(Supplied material)
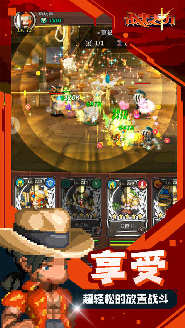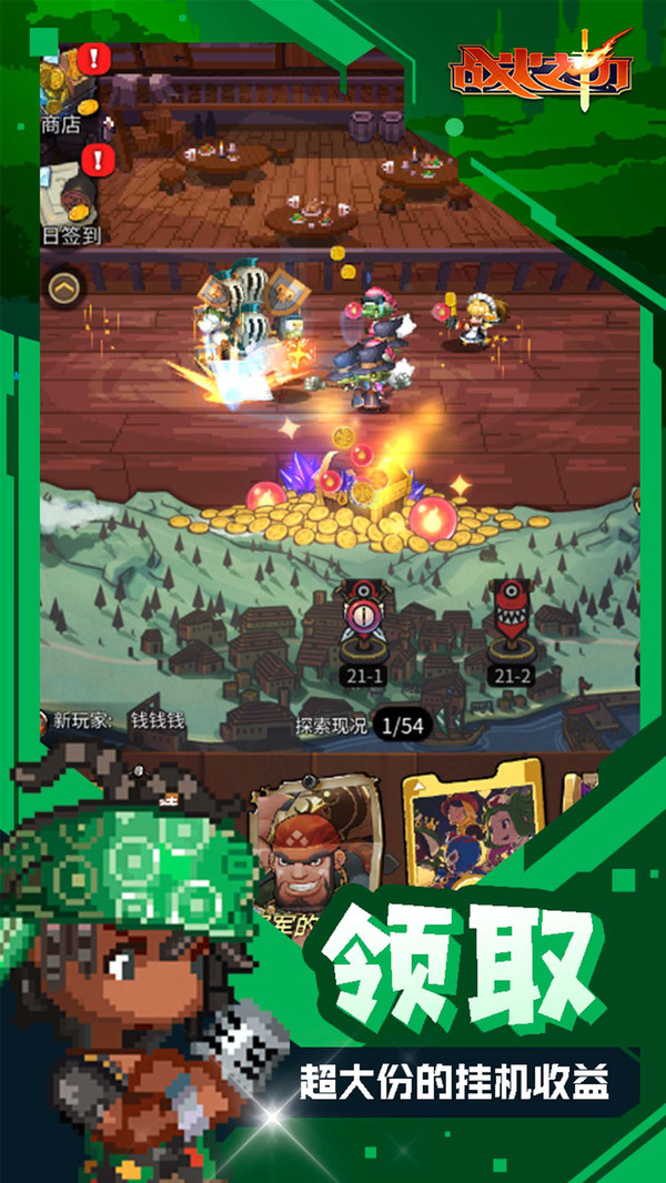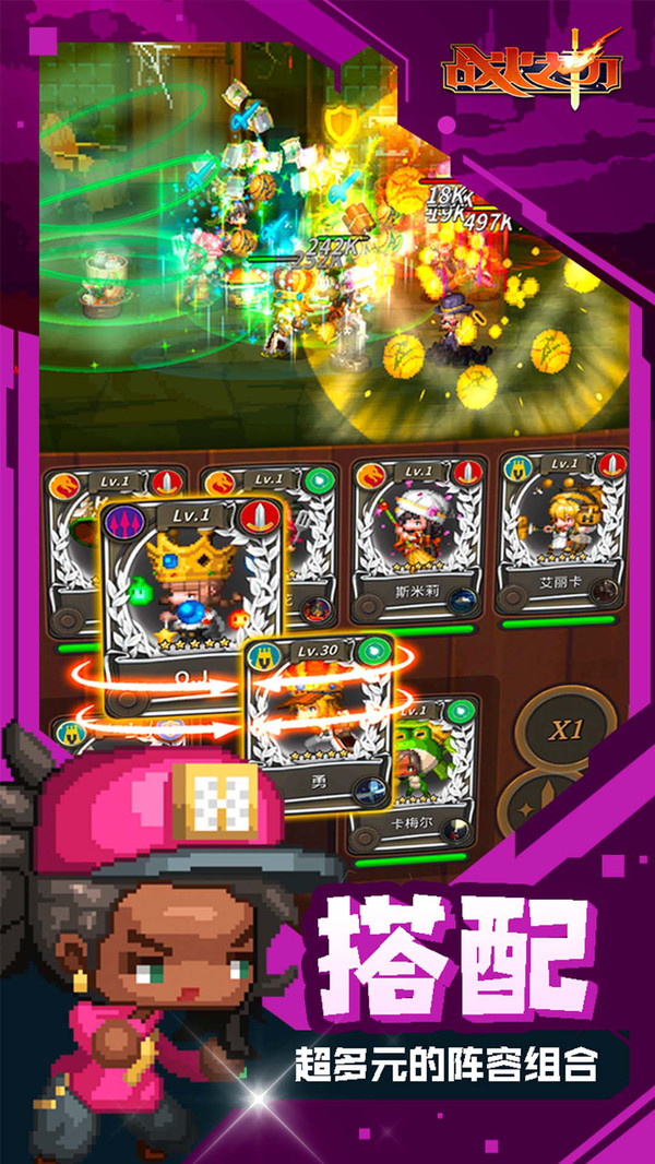 8bit像素 前方高糊預(yù)警 《戰(zhàn)火之初》角色采用8bit像素繪制,游戲整體畫(huà)面為像素與2D卡通畫(huà)面相結(jié)合,復(fù)古中不失精致可愛(ài)。高水準(zhǔn)像素特效應(yīng)用在每一個(gè)角色的技能動(dòng)畫(huà)中,令他們各具特色,喜歡像素風(fēng)游戲的玩家不容錯(cuò)過(guò)! 交替戰(zhàn)斗 玩轉(zhuǎn)無(wú)限火力 游戲的戰(zhàn)斗模式為自動(dòng)戰(zhàn)斗。但與常規(guī)放置卡牌游戲不同的是,《戰(zhàn)火之初》允許攜帶8個(gè)角色卡牌進(jìn)入戰(zhàn)斗,其中5個(gè)作為主力陣容進(jìn)入戰(zhàn)場(chǎng),而另外3個(gè)則可以根據(jù)需要,隨時(shí)替換進(jìn)入。利用角色卡牌的交替戰(zhàn)斗,玩家可以將不同角色的技能進(jìn)行組合連招,用強(qiáng)大的策略擊敗敵人! 多維養(yǎng)成 勇士自由進(jìn)階 《戰(zhàn)火之初》中的全部角色均可進(jìn)階至最高形態(tài)!低階卡牌可以作為合成高階卡牌的材料使用,也就是說(shuō),玩家獲得的全部卡牌均無(wú)廢牌。
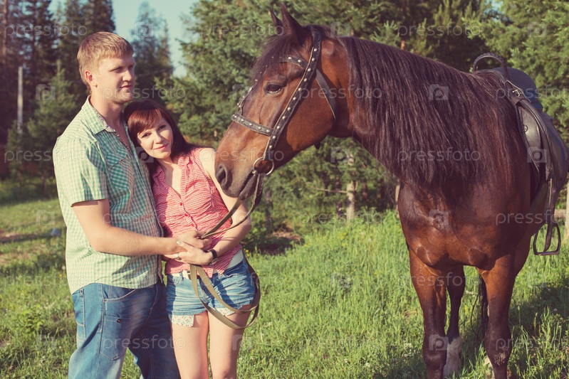 Счастливая пара с породистой коричневой лошадью на природе
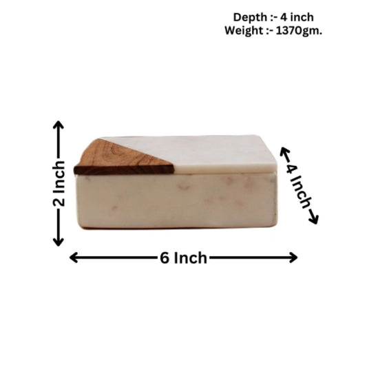 Wooden Square Box Natural Harmony in Stone and Wood Bring a touch of organic warmth to your vanity with the Wooden Square Box. This unique jewellery case seamlessly blends the cool, refined texture of premium natural white marble with the rich, earthy tones...
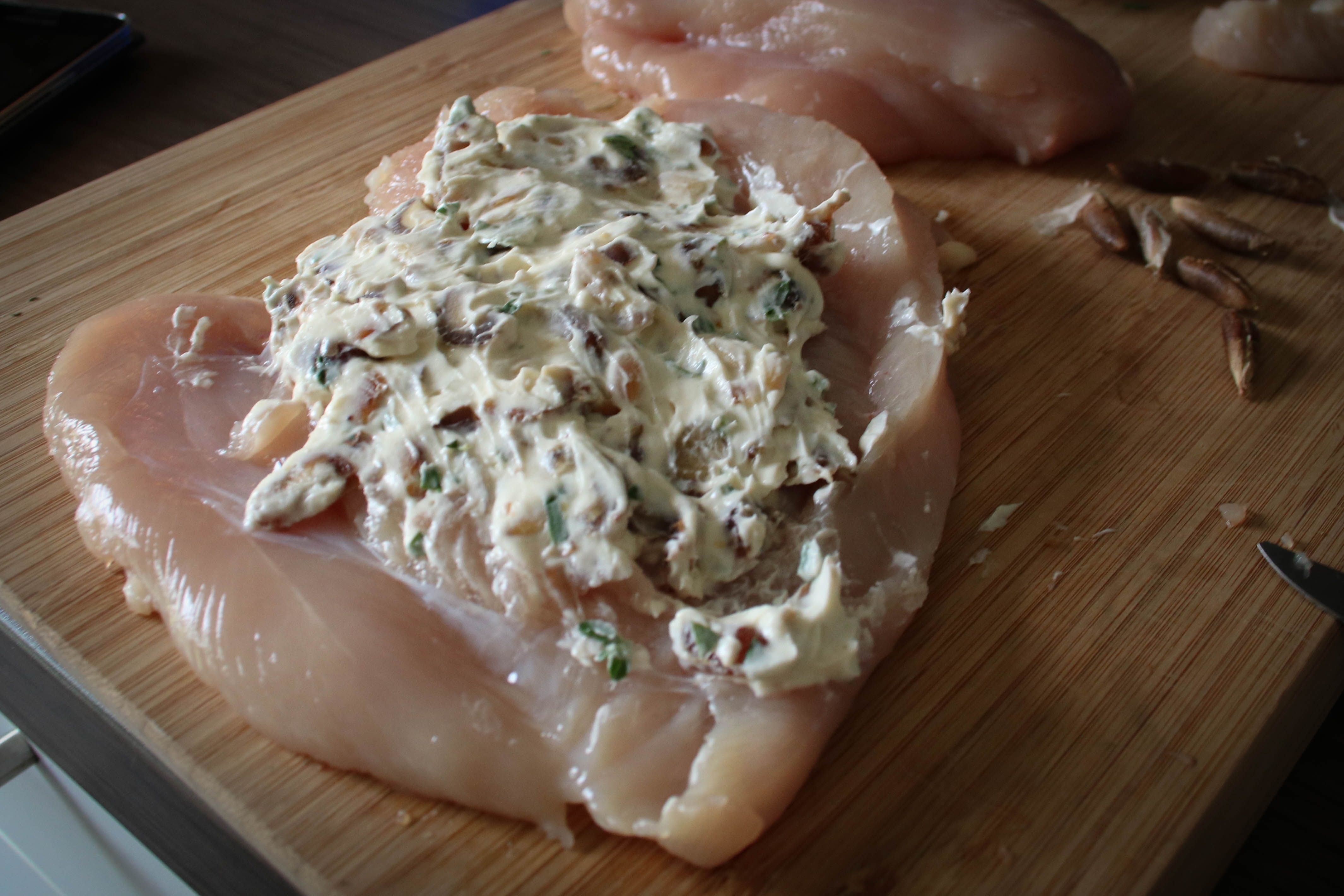 Before you start preparing this dish you could choose to brine the chicken breasts. We’re not so good in planning things… This recipe was made on a late call for food… We just cured them with salt and pepper after preparing them as envelopes and before stuffing them. While you’re preparing the breasts you can preheat the BBQ at 200°C or 400°F (direct heat)
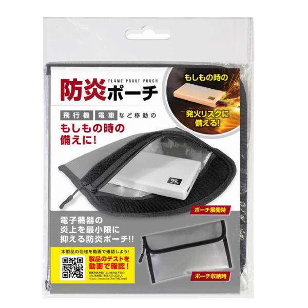 防災士監修 防炎ポーチ モバイルバッテリーの爆発を軽減 飛行機 電車 発火リスク対策 メール便対応
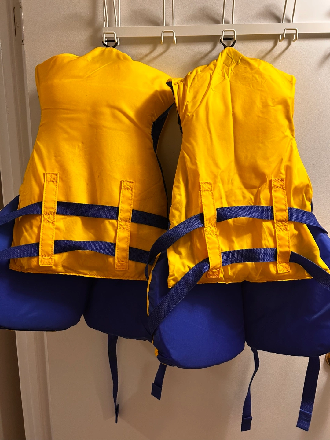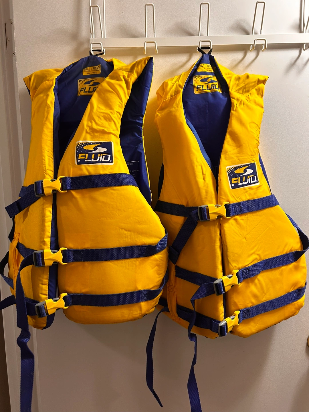 Pair of yellow and blue Fluid brand life jackets. Three-belt design. Good for boating or water sports.
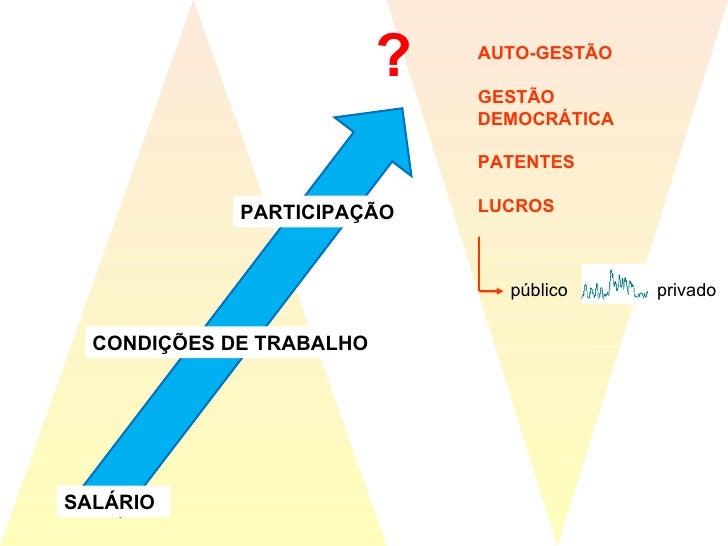 35. 36. PARTICIPAÇÃO CONDIÇÕES DE TRABALHO SALÁRIO ? AUTO-GESTÃO GESTÃO DEMOCRÁTICA PATENTES LUCROS público privado
(End Supplied material)
* Work task
The lines from the one containing "Pair of yellow" through the last line of the data above are to be transcribed exactly, both included, with all pictures left out.

* Your solution
 Pair of yellow and blue Fluid brand life jackets. Three-belt design. Good for boating or water sports.
 35. 36. PARTICIPAÇÃO CONDIÇÕES DE TRABALHO SALÁRIO ? AUTO-GESTÃO GESTÃO DEMOCRÁTICA PATENTES LUCROS público privado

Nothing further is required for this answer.